The adoption of industry standards and more mature platforms will shift big data’s focus from IT-driven infrastructure projects to business-driven data solutions. Those who adopt big data strategies early and aggressively will realize operational efficiencies and top-line growth.
In 2016, we will see solutions to many of these challenges and the emergence of powerfully differentiated strategies from organizations that leverage their big data assets. Here are some key developments to look for in 2016.
One of the challenges with big data solution adoption has been a disconnect between business and IT. In many instances, IT has led the way, building out a big data infrastructure and adopting a myriad of new tools, often without the context of a specific business problem. The result is frequently a solution looking for a problem to solve.
Smarter organizations have taken a different approach, building solutions to specific business problems or building a data-as-a-service offer, giving the business the flexibility to select the tools they need to solve their specific problem. In 2016, we will see much more of these two approaches.

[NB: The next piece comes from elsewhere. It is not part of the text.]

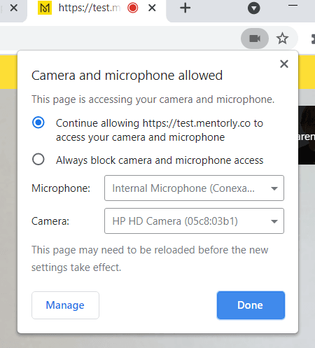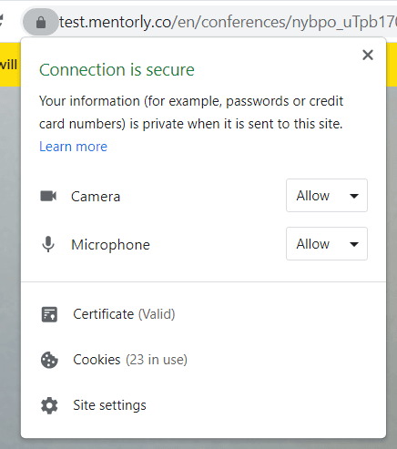 • Be sure to allow access to your microphone/camera by accessing your permission settings of your browser.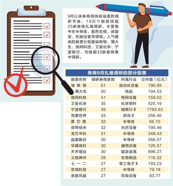 东方财富Choice数据显示,9月以来券商保持高强度的调研节奏,19只个股获得超25家券商扎堆调研,主要集中在半导体、医药生物、新能源、机械设备等领域。人气最高的股票分别是埃斯顿、周大生、南网科技、卫星化学、宁波银行,均被超35家券商集中调研。

Some of the key use cases driving big data adoption include compliance, regulatory risk reporting, cyber security and trade surveillance. In 2016, we will see increased interest in revenue-generating use cases such as customer 360.
In 2015, we saw the emergence of the data lake — a single store for all enterprise data characterized by the ability to collect vast amounts of data in its native, untransformed format at a very low cost.
The data lake offers much promise but it also has limitations.